Run the following command from the repository root directory XLingEval/. Both GPT-3.5/4 and MedAlpaca models share the same code.

  • Prompt the LLMs to generate answers

    python verifiability/verifiability_get_answer.py --dataset <DATASET> --model <MODEL>
    • dataset: select from healthqa, liveqa, medicationqa;
    • model: select from gpt35, gpt4, medalpaca-7b, medalpaca-13b, medalpaca-30b.

    For example, if you run experiments on LiveQA using the GPT-3.5 model:

    python verifiability/verifiability_get_answer.py --dataset liveqa --model gpt35

    By default, we run the experiments on all languages, including English, Spanish, Chinese, and Hindi.

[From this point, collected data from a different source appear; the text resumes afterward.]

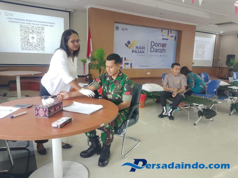 NTT – ENDE, Sebagai bentuk serta wujud peduli kemanusiaan, Kodim 1602/Ende kerahkan personelnya mengikuti kegiatan donor darah. Dalam rangka Hari Pajak yang digelar oleh Kantor pajak Jalan Eltari Kabupaten Ende, Rabu (09/07/2025).
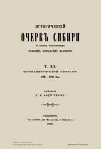Исторический очерк Сибири по данным, представляемым Полным собранием законов. Т. III. Елизаветинский период. 1742 - 1762 года
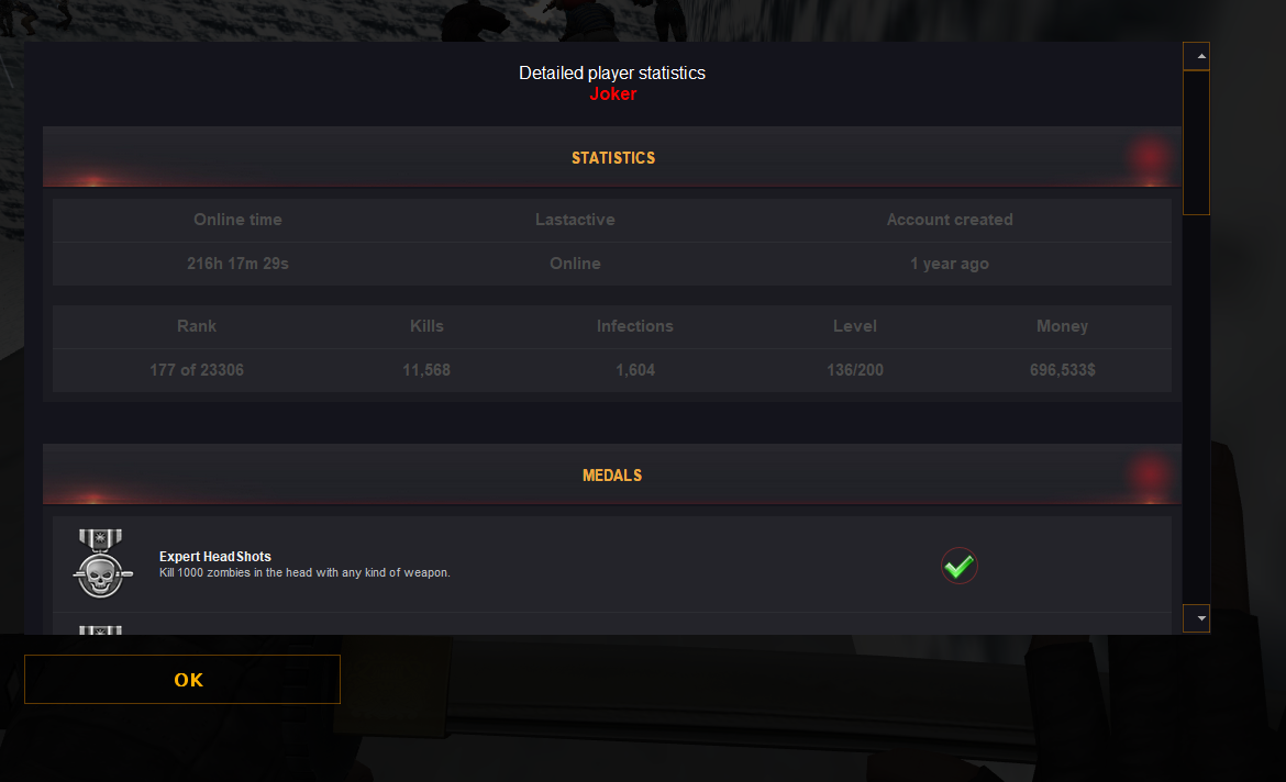 - Link of hours you played on server on gametracker.com link (minimum 90h): I will send screenshot
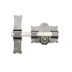 Accionado interior y exteriormente por llave quedando siempre la barra fija. Barra en acero calibrado 18 mm. Placa en acero 2 mm. Cerradero en acero 3 mm. Bombillo 50 mm. Niquelado

  • Summarize the verifiability metrics

    python verifiability/verifiability_answer_evaluation.py --dataset <DATASET> --model <MODEL>

    For example, if you run experiments on LiveQA using the GPT-3.5 model:

    python verifiability/verifiability_answer_evaluation.py --dataset liveqa --model gpt35

    The results will be saved in outputs/verifiability/.

Repository Structure

Correctness

  • const.py: Constants used in the experiments.
  • correctness_get_gpt_answer.py: Script to retrieve GPT-3.5-based answers for evaluation.
  • correctness_answer_evaluation.py: Script to evaluate the correctness of llm-generated answers with the ground-truth using GPT-3.5.
  • setup.py: Installation script.
  • utils_chatgpt.py: Utilities for working with GPT-3.5 turbo using OpenAI API.
  • MedAlpaca/correctness_medalpaca_get_answers: Script to retrieve answers from MedAlpaca model.

Consistency

  • consistency_gpt.py & consistency_medalpaca.py: Evaluate the consistency of answers from GPT and MedAlpaca models.
  • data_consistency.py: Data handling for consistency evaluation.
  • prompts.py: Pre-defined prompts for the experiments.
  • statistical_test.py: Perform statistical tests on consistency metrics.
  • eval_consistency.py & eval_language_consistency.py: Summarization scripts for consistency metrics.
  • language_consistency.py: Evaluate language-specific consistency.

Verifiability

  • prompts.py: Pre-defined prompts for verifiability tests.
  • verifiability.py: Main script for verifiability evaluation.
  • summarize_verifiability.py: Summarize verifiability metrics.

Data

  • Houses datasets like HealthQA, LiveQA, and MedicationQA in Excel format.

DataLoader

  • load_data.py: Load and preprocess datasets for evaluation.

Translate

  • translate_chatgpt.py: Script to translate content using ChatGPT.

Utils

  • metrics.py: Evaluation metrics and utility functions.
  • utils_data.py: Data handling utilities.
  • utils_misc.py: Miscellaneous utility functions.

Visual

  • Scripts for visualizing data including line plots, heatmaps, and boxplots.

License

This project is licensed under the Apache License 2.0 - see the LICENSE file for details.